Obywatel Ukrainy powoduje zamieszki w Sochaczewie
30-letni obywatel Ukrainy został zatrzymany w centrum Sochaczewa, gdy był pod wpływem alkoholu i rzekomo zastraszał mieszkańców. „Po zauważeniu radiowozu, próbował uciec, potknął się i odniósł obrażenia” – zeznała starsza zastępczyni Agnieszka Dzik z lokalnej policji. Mężczyzna miał zaatakować ratownika medycznego, który udzielił mu pomocy. Z uwagi na wcześniejsze wykroczenia, został przekazany ukraińskim funkcjonariuszom.
We wtorek wieczorem sochaczewskie organy ścigania zareagowały na zgłoszenie o 30-letnim obywatelu Ukrainy, który zachowywał się niewłaściwie i groził ludziom w centrum miasta.
– Podejrzany , zauważywszy funkcjonariuszy, próbował uciec, potknął się i doznał obrażeń – tłumaczyła st. asp. Agnieszka Dzik.

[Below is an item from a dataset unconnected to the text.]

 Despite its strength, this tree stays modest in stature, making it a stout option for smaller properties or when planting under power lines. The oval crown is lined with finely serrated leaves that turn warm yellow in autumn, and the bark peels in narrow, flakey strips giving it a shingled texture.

Sochaczew: Agresywne zachowanie skutkuje deportacją
Podczas transportu w celu udzielenia pomocy medycznej mężczyzna stał się agresywny , zniszczył sprzęt i zaatakował ratownika medycznego.
„Badania krwi wykazały poziom alkoholu przekraczający 1,6‰. Po odzyskaniu trzeźwości postawiono mu zarzut napaści na funkcjonariusza publicznego ” – poinformował funkcjonariusz.

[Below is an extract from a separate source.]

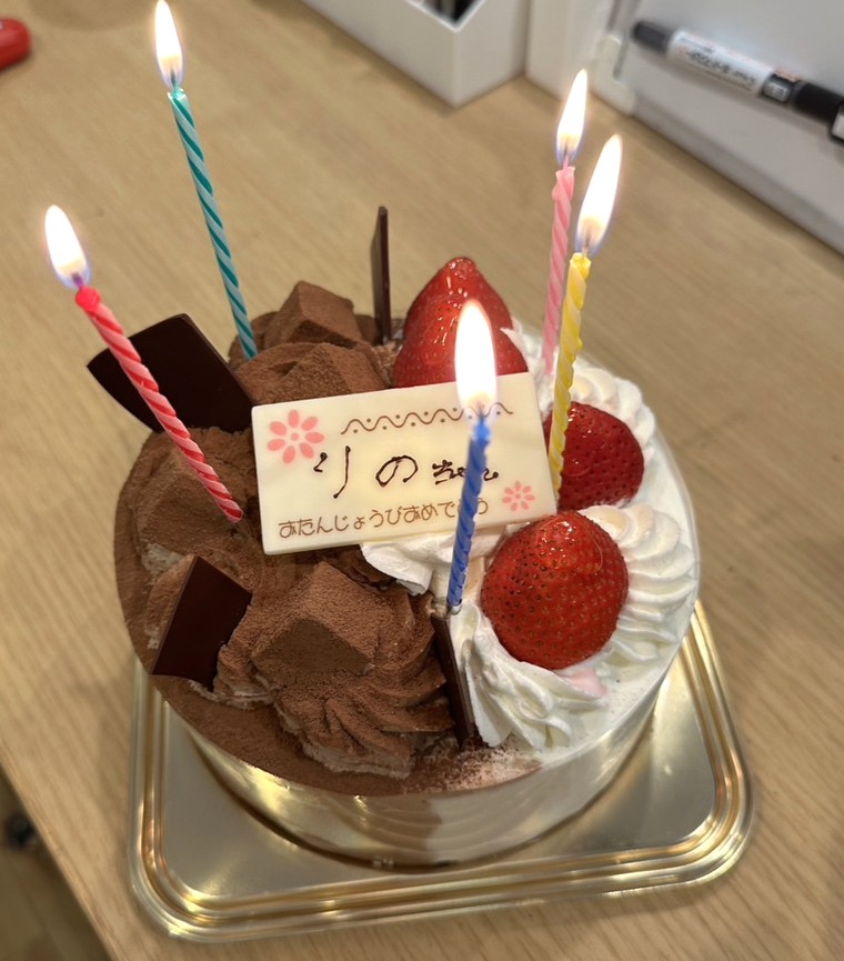 スタッフみんなで集まり、ケーキを囲んでお祝いしました♡

Władze potwierdziły, że ze względu na wcześniejsze naruszenia prawa, osoba ta została objęta nadzorem Straży Granicznej , a następnie tego samego dnia przekazana ukraińskim pracownikom straży granicznej.
WIDEO: Dron wymyka się wykryciu w okolicach Osin. Ekspert: Polskie systemy radarowe pozostają skuteczne.